As a general rule, we store your personal data for only as long as it is necessary for the purposes for which it was collected in accordance with this privacy policy. However, there may be cases where we are required by law or for evidence purposes within the framework of the statute of limitation to store certain data for a longer period of time. In such cases, we ensure that your personal data is handled in accordance with this privacy policy throughout the entire period. Once the business relationship has come to an end, this data is stored on the basis of the statutory provisions for at least 10 years.

6 Your rights

(1) You have the right to request information from us at any time and free of charge about your personal data stored with us, as well as its origin, recipients or categories of recipients to which this personal data is forwarded, and the purpose of its storage.

(2) You further have the right to request at any time that we rectify, erase – to the extent permissible by law –, or restrict the processing of your personal data. You also have the right to data portability.

(3) In addition, you have the right to object at any time to the processing of your personal data by us.

(4) If you have given us your consent to use your personal data, you may withdraw this consent at any time without having to provide reasons.

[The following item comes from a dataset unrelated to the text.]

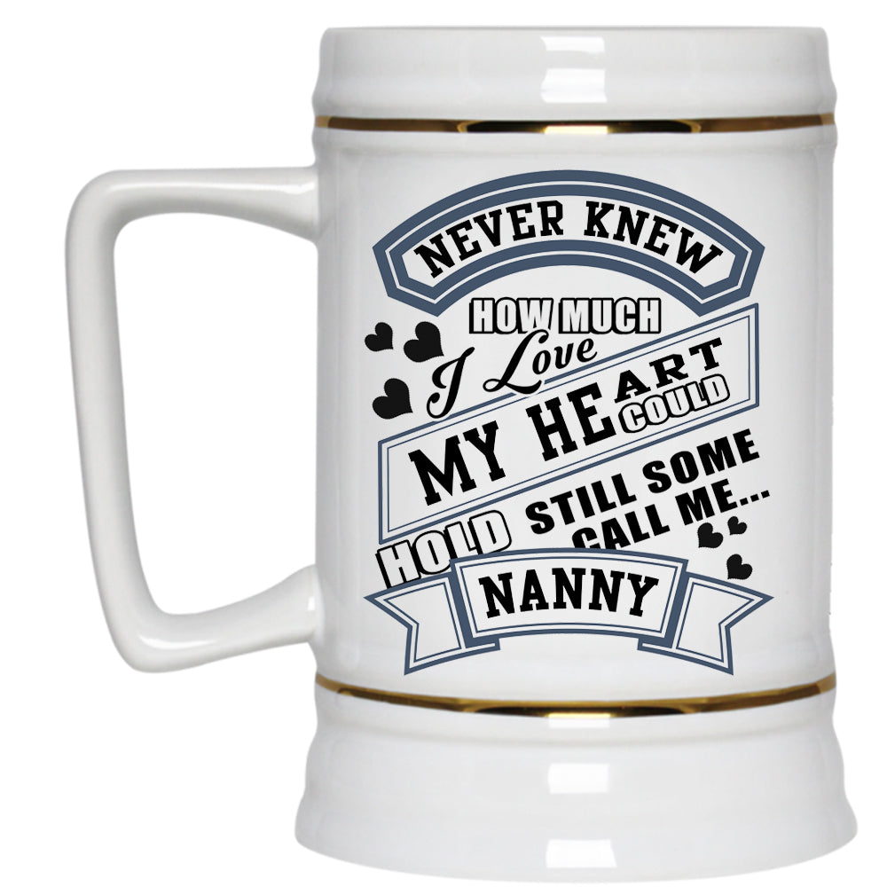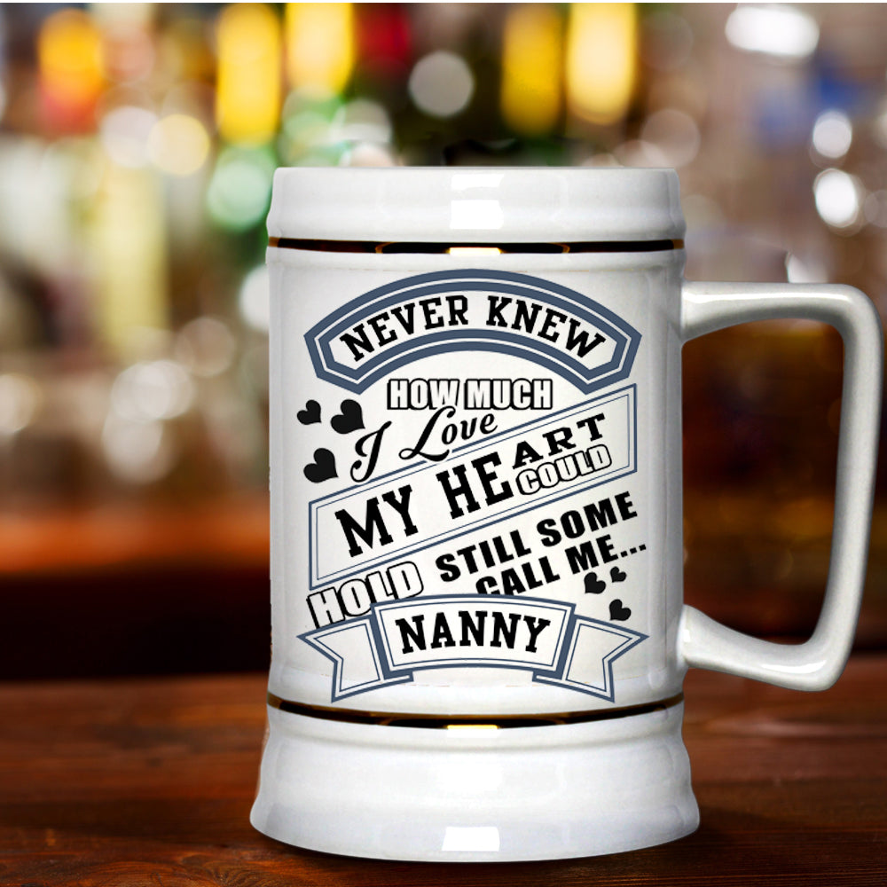Call Me Nanny Beer Stein 22oz, I Love My Heart Beer Mug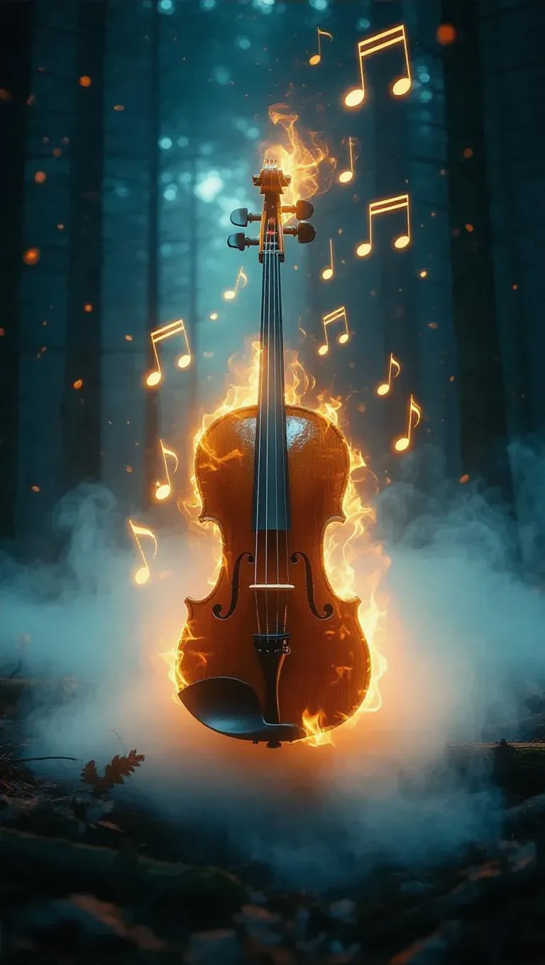 A burning violin playing itself in a misty forest, musical notes forming glowing trails, magical realism, dramatic composition, ultra-detailed.

(5) You furthermore have the right to lodge a complaint directly with the Liechtenstein Data Protection Office: https://www.datenschutzstelle.li/

(6) If you would like to assert the above rights, please contact the address indicated in paragraph 1.

7 Data security

We provide for the latest technical measures to ensure data security, in particular to protect your personal data against risks in the case of data transmission and against the risk of third parties gaining knowledge of your personal data. These measures are continuously adapted to correspond to state-of-the-art technology.

8 Amendments

As part of the technical development of our range of services and the legal framework, we will amend our privacy policy on a regular basis. Amendments to the privacy policy will be published on our website. Therefore, please periodically read the most recent version of this privacy policy. Subject to the applicable legislation, all amendments to the privacy policy enter into effect as soon as the updated privacy policy is published. If we have already recorded data about you and/or are subject to a legal duty to provide information, we will notify you, in addition, about any major changes to our privacy policy and ask for your consent if this is required by law.